Ш.-Э. иронически улыбнулся, и никто не прибавил ни слова. Это было летом 1861. А через полтора года говорил то же Падлевский, отправляясь через Петербург в Польшу.
Кости были брошены!..
Бакунин верил в возможность военно-крестьянского восстания в России, верили отчасти и мы, да верило и само правительство – как оказалось впоследствии рядом мер, статей по казенному заказу и казней по казенному приказу. Напряжение умов, брожение умов было неоспоримо, и никто не предвидел тогда, что его свернут на свирепый патриотизм.

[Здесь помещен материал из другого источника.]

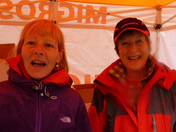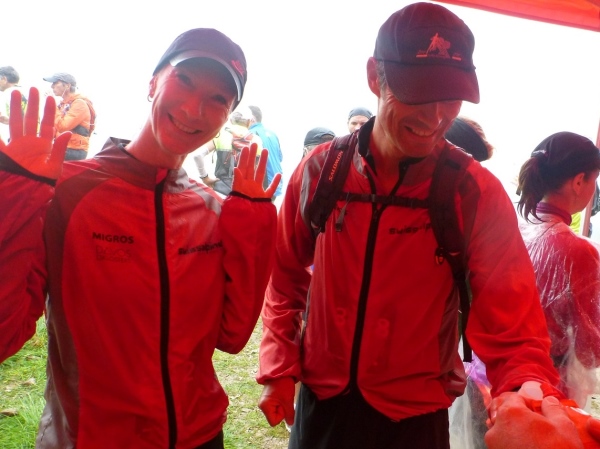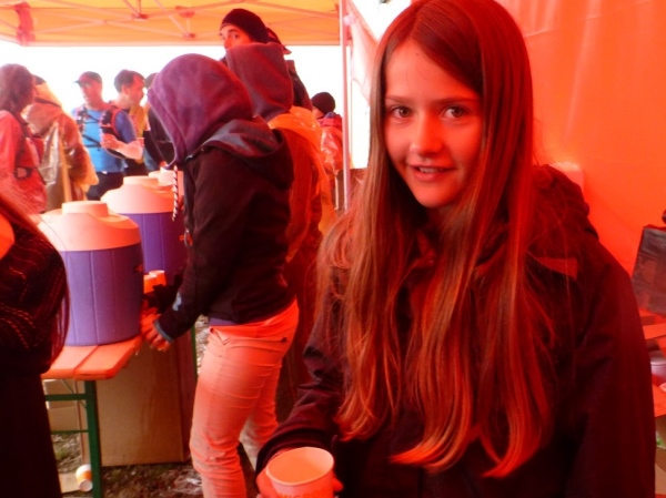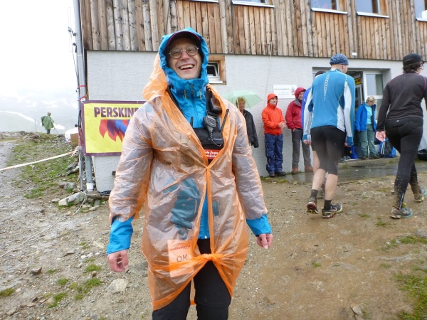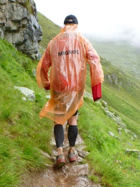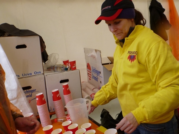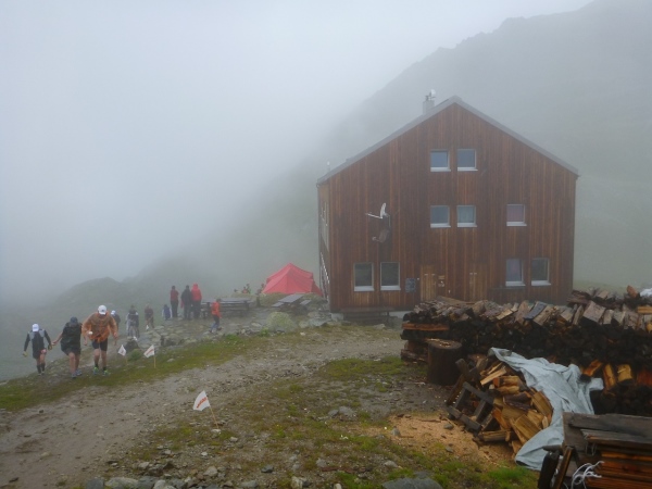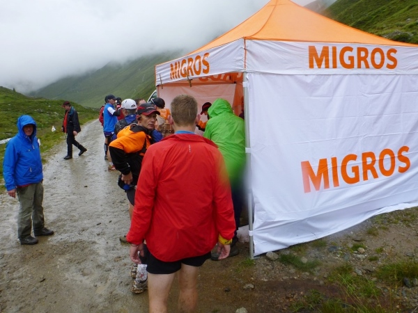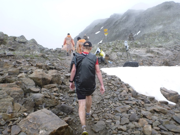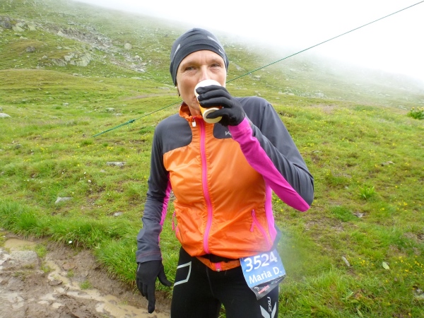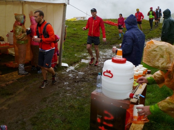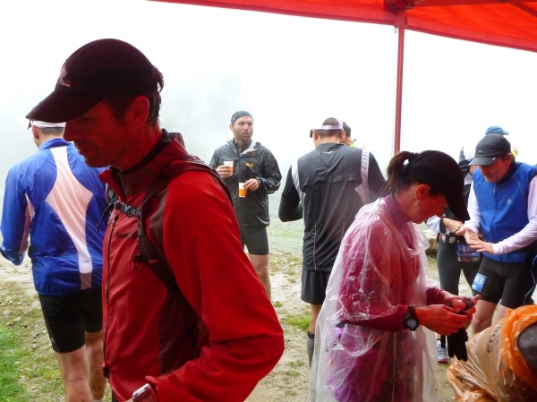 Ein paar Meter weiter ist das Verpflegungszelt, wo ich mich für eine Minute verkrieche, um den notwendigen Batteriewechsel einigermaßen trocken über die Bühne zu bringen. Anschließend verpflege ich und mach mich wieder auf die Strecke. Durch die zwei, drei Minuten Aufenthalt sind meine Finger ganz klamm geworden. Außerdem pfeift der Wind gehörig über den Berg.

Бакунин, не слишком останавливаясь на взвешивании всех обстоятельств, смотрел на одну дальнюю цель и принял второй месяц беременности за девятый. Он увлекал не доводами, а желанием. Он хотел верить и верил, что Жмудь и Волга, Дон и Украйна восстанут, как один человек, услышав о Варшаве; он верил, что наш старовер воспользуется католическим движением, чтоб узаконить раскол.
В том, что между офицерами войск, расположенных в Польше и Литве, общество, к которому принадлежал Потебня, росло и крепло, – в этом сомнения не могло быть; но оно далеко не имело той силы, которую ему преднамеренно придавали поляки и наивно Бакунин…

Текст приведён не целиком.